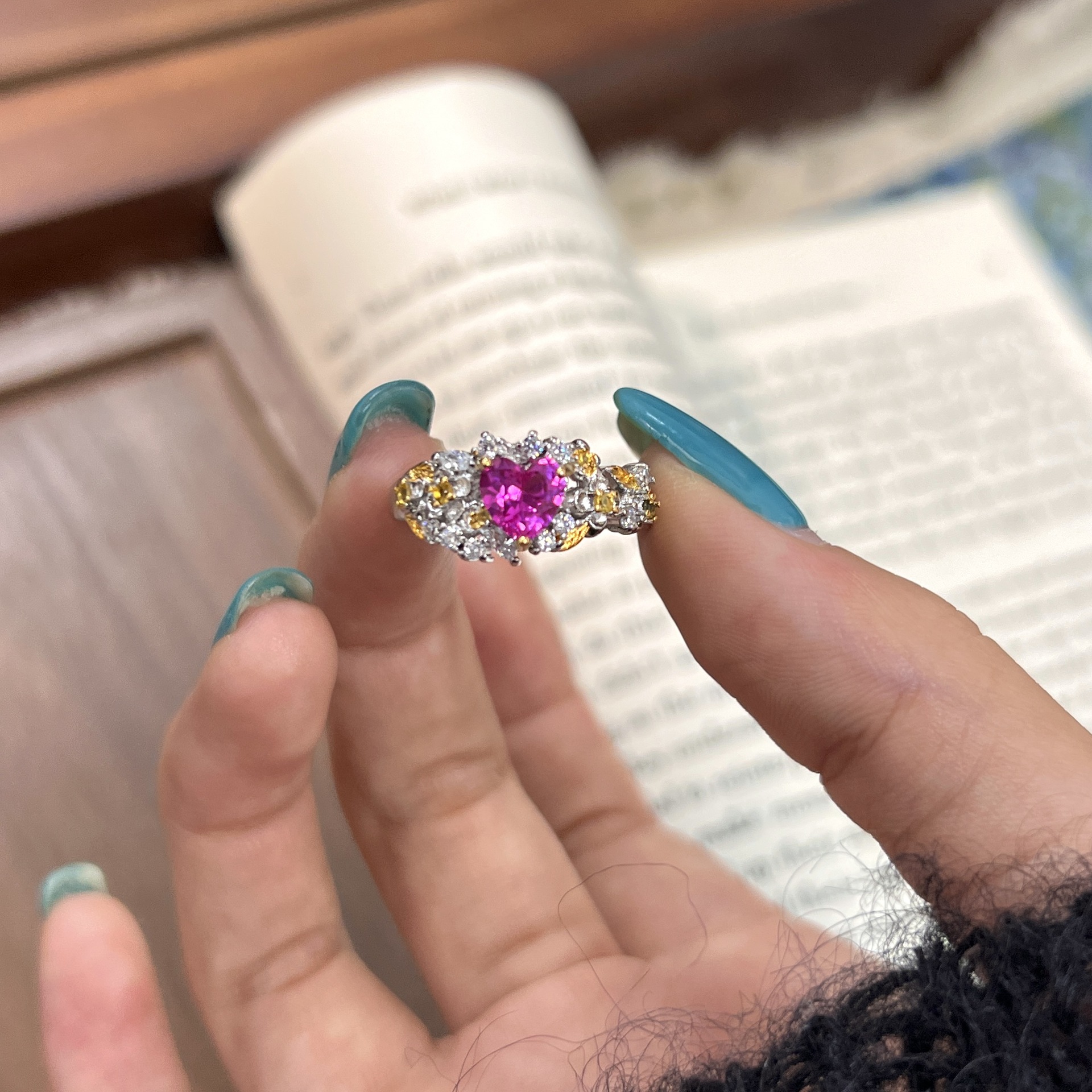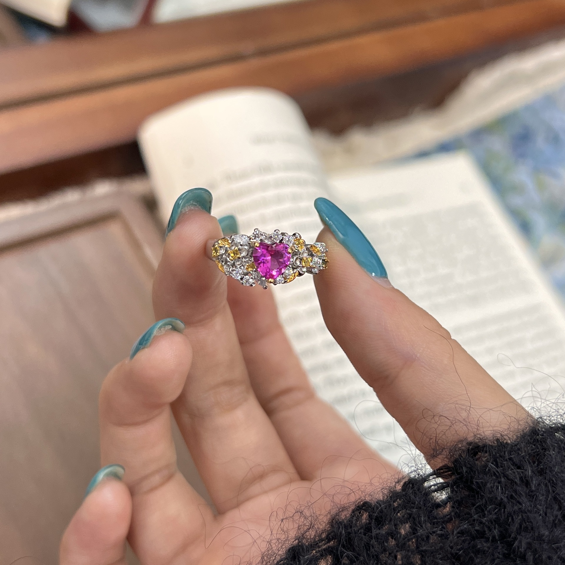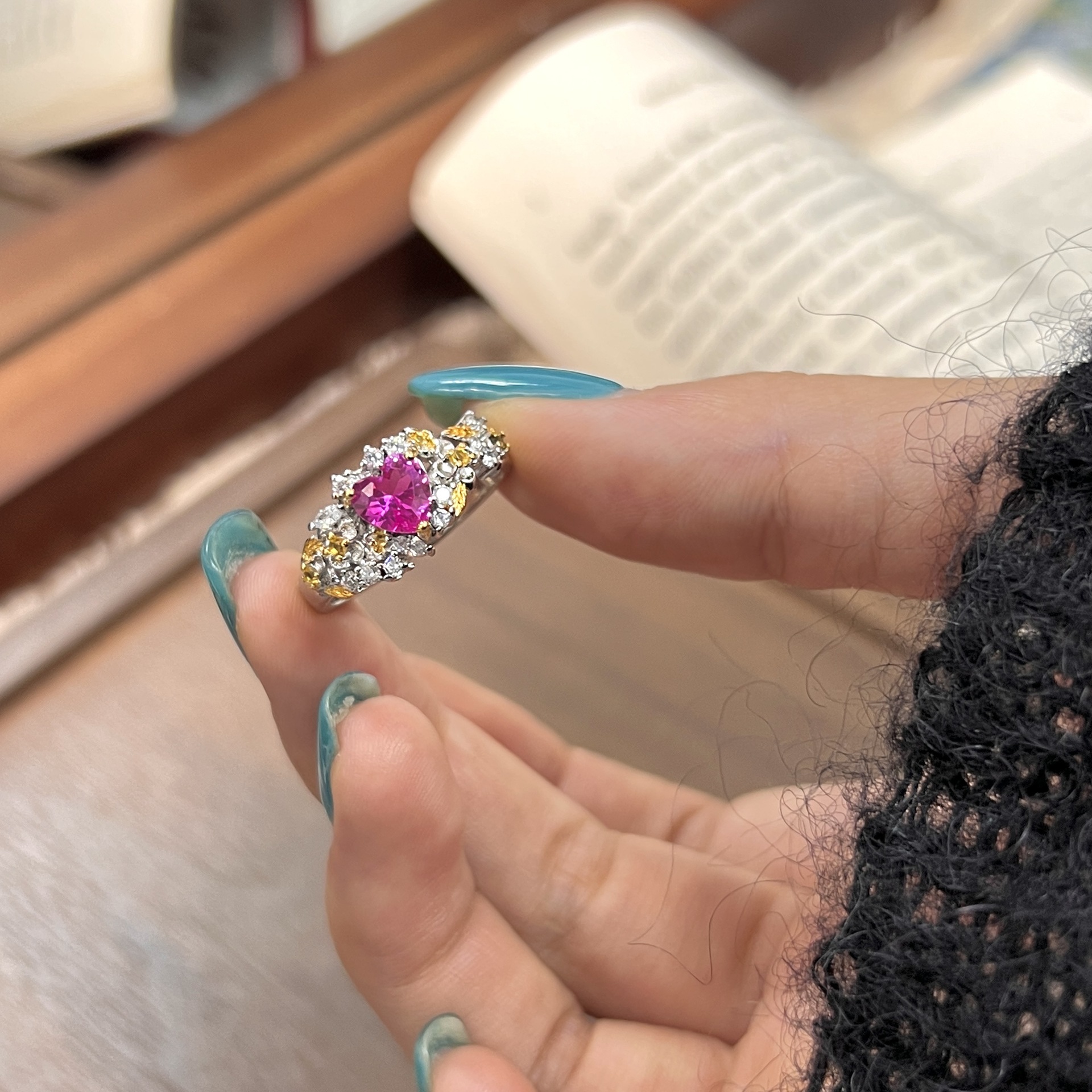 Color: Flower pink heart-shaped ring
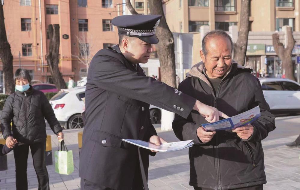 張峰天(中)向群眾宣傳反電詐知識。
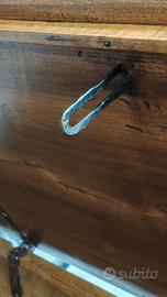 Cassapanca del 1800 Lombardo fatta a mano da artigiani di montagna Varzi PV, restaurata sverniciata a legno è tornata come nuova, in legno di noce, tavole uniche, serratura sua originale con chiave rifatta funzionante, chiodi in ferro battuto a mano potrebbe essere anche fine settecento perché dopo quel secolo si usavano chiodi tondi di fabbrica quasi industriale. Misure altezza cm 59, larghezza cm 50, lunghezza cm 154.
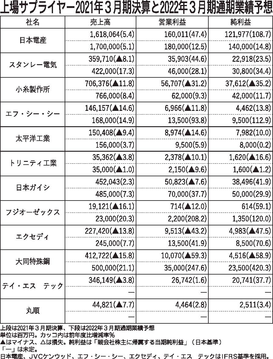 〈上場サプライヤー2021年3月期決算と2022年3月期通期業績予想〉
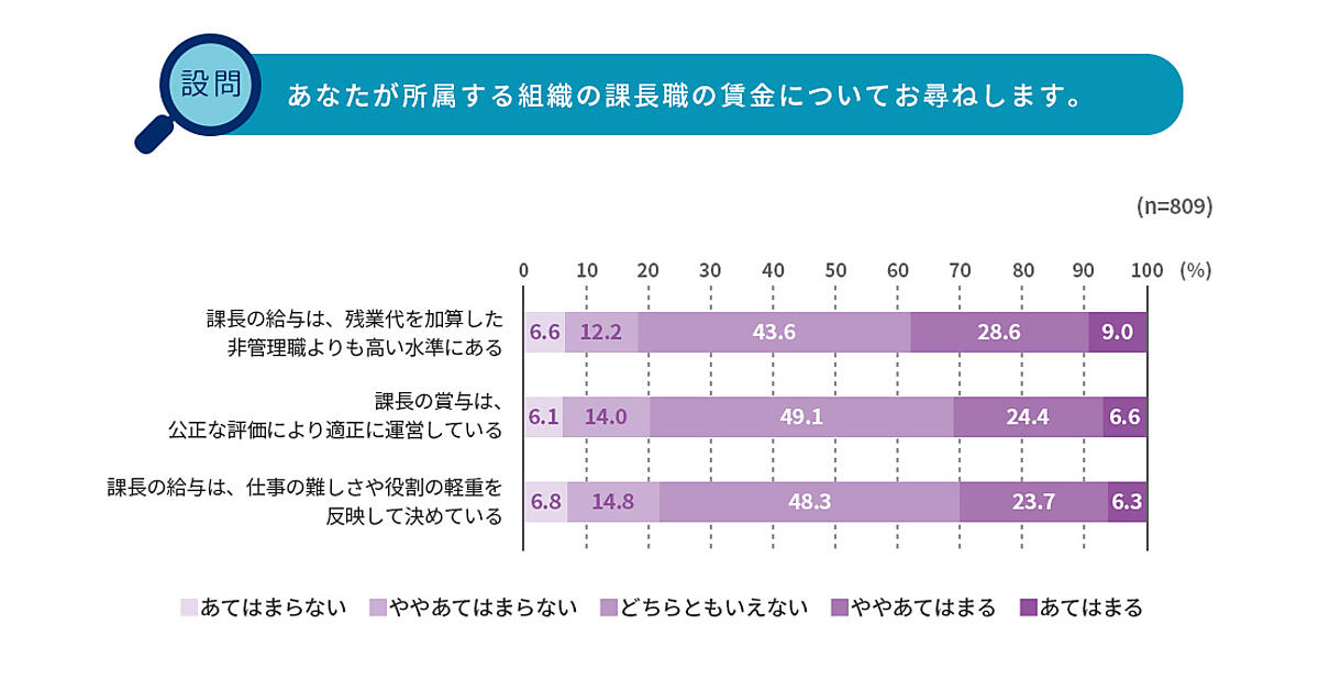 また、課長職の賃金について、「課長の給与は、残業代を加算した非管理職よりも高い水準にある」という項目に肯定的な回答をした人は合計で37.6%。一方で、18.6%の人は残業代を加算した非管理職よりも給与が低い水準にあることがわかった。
§
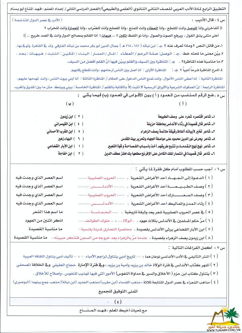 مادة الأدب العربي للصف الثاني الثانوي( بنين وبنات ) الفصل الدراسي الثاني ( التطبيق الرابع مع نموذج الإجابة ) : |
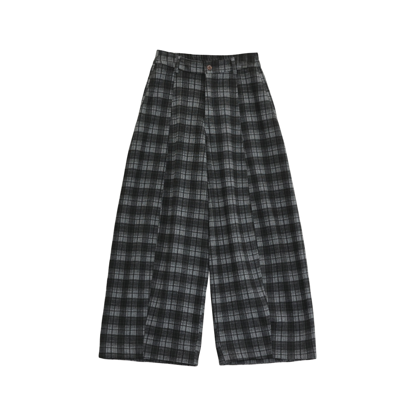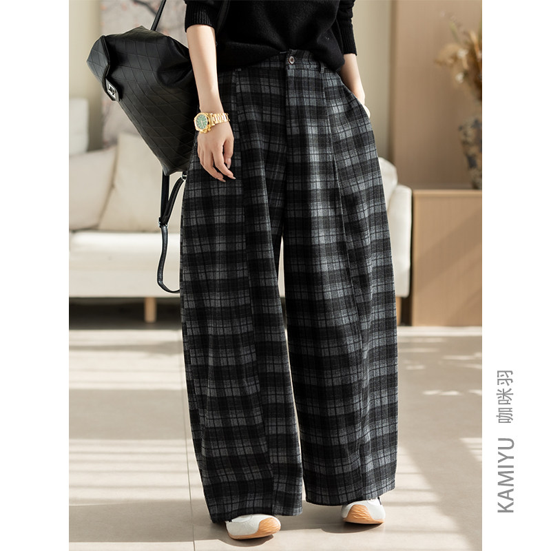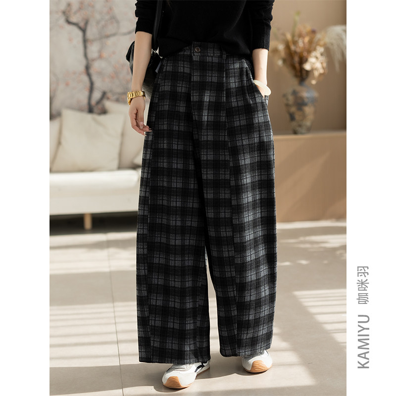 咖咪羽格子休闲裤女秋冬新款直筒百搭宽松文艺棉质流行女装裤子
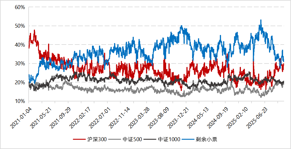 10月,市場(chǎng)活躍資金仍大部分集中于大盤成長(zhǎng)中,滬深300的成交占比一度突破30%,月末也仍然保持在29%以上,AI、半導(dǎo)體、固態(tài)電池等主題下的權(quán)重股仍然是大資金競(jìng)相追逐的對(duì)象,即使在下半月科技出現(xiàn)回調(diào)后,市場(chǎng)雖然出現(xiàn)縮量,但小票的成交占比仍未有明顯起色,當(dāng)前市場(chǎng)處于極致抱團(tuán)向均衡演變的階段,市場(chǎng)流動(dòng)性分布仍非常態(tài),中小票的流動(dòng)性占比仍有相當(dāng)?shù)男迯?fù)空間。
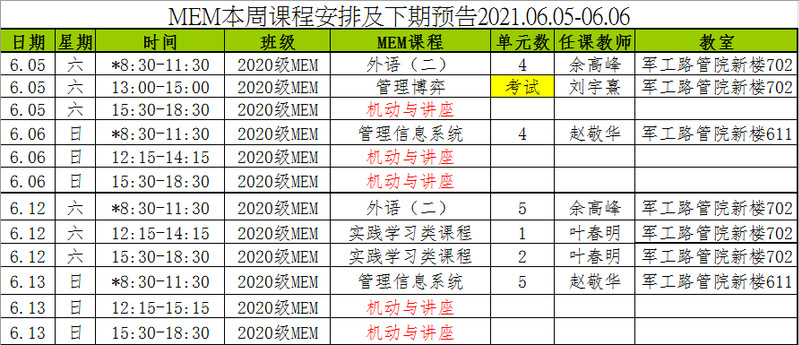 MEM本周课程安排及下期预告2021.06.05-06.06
§
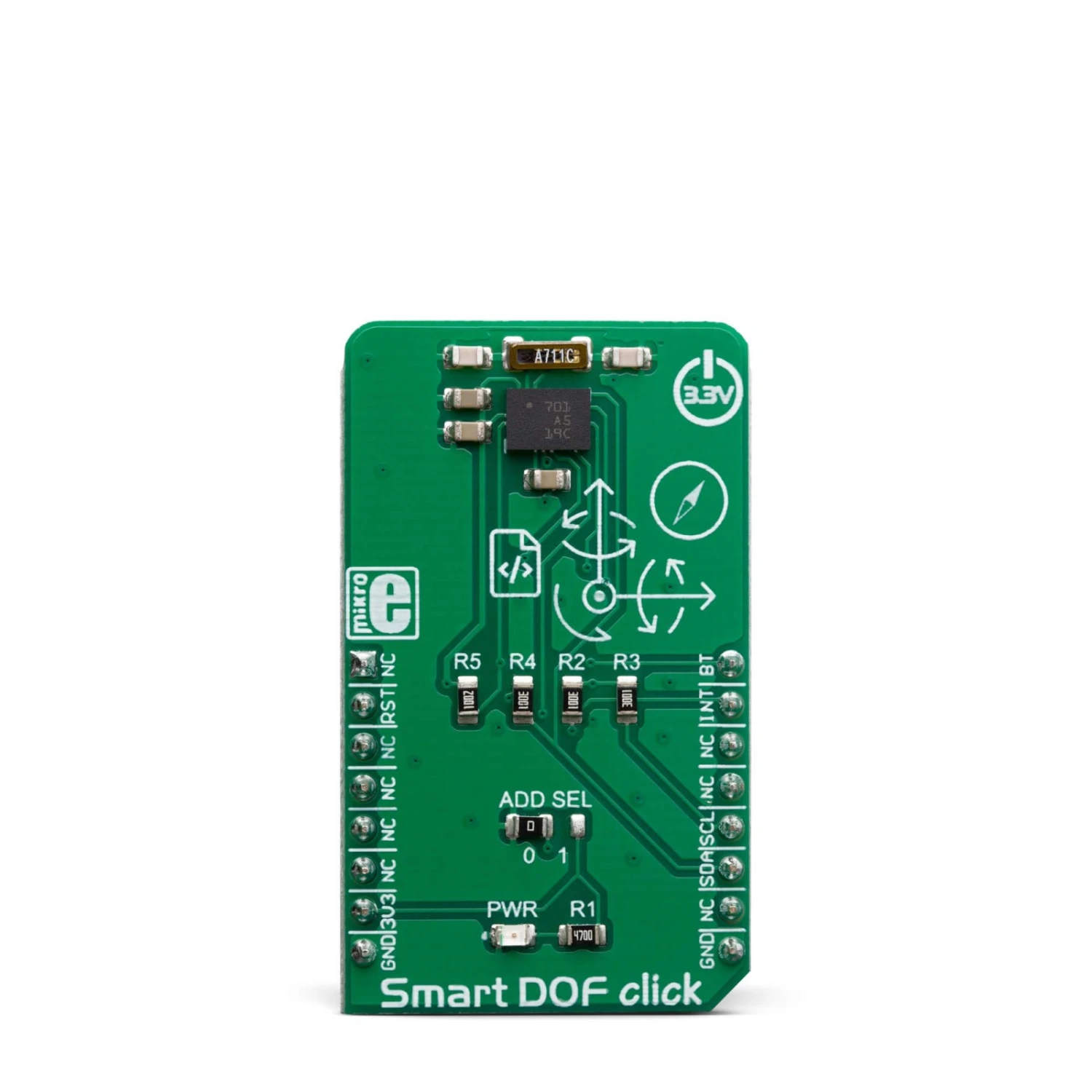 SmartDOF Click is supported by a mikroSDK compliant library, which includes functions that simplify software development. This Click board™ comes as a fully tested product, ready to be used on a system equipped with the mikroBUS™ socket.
§
Activity: While skipping the pictures, transcribe the data above from the line showing "مادة الأدب العربي" through the line showing "MEM本周课程安排及下期预告2021.06.05-06.06", exactly and with both ends.

Expected answer:
 مادة الأدب العربي للصف الثاني الثانوي( بنين وبنات ) الفصل الدراسي الثاني ( التطبيق الرابع مع نموذج الإجابة ) : |
 咖咪羽格子休闲裤女秋冬新款直筒百搭宽松文艺棉质流行女装裤子
 10月,市場(chǎng)活躍資金仍大部分集中于大盤成長(zhǎng)中,滬深300的成交占比一度突破30%,月末也仍然保持在29%以上,AI、半導(dǎo)體、固態(tài)電池等主題下的權(quán)重股仍然是大資金競(jìng)相追逐的對(duì)象,即使在下半月科技出現(xiàn)回調(diào)后,市場(chǎng)雖然出現(xiàn)縮量,但小票的成交占比仍未有明顯起色,當(dāng)前市場(chǎng)處于極致抱團(tuán)向均衡演變的階段,市場(chǎng)流動(dòng)性分布仍非常態(tài),中小票的流動(dòng)性占比仍有相當(dāng)?shù)男迯?fù)空間。
 MEM本周课程安排及下期预告2021.06.05-06.06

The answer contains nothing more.